▶ The task
Restate word for word the lines of the data below, from the first through the one that has "This DU windbreaker".

▶ Data block
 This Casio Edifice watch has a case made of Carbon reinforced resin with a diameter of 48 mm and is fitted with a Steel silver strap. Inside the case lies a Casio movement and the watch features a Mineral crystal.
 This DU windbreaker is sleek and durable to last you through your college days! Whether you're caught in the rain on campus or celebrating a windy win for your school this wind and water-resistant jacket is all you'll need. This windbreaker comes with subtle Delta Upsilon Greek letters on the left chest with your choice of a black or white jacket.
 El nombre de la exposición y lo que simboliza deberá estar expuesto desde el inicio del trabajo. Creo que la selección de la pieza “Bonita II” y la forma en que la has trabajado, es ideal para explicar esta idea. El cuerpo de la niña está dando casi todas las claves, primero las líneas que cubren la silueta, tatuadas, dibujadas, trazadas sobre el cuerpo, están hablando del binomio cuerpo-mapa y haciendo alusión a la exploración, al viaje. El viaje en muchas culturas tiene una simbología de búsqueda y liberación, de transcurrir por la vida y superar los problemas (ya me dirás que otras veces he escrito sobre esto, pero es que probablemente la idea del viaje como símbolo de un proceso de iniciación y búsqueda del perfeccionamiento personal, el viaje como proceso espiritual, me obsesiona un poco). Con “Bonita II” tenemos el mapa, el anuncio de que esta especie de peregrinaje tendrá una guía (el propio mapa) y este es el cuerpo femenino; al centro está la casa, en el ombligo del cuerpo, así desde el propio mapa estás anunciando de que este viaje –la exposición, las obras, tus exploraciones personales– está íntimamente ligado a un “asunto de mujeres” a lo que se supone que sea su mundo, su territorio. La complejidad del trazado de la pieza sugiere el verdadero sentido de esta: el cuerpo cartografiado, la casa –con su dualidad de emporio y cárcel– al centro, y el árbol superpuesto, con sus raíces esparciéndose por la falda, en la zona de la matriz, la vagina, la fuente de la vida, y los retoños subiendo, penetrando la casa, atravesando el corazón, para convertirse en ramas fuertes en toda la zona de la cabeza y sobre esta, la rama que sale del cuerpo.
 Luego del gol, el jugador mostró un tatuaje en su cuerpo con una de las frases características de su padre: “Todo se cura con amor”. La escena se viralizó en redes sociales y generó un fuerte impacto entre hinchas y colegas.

▶ Solution to this exercise
 This Casio Edifice watch has a case made of Carbon reinforced resin with a diameter of 48 mm and is fitted with a Steel silver strap. Inside the case lies a Casio movement and the watch features a Mineral crystal.
 This DU windbreaker is sleek and durable to last you through your college days! Whether you're caught in the rain on campus or celebrating a windy win for your school this wind and water-resistant jacket is all you'll need. This windbreaker comes with subtle Delta Upsilon Greek letters on the left chest with your choice of a black or white jacket.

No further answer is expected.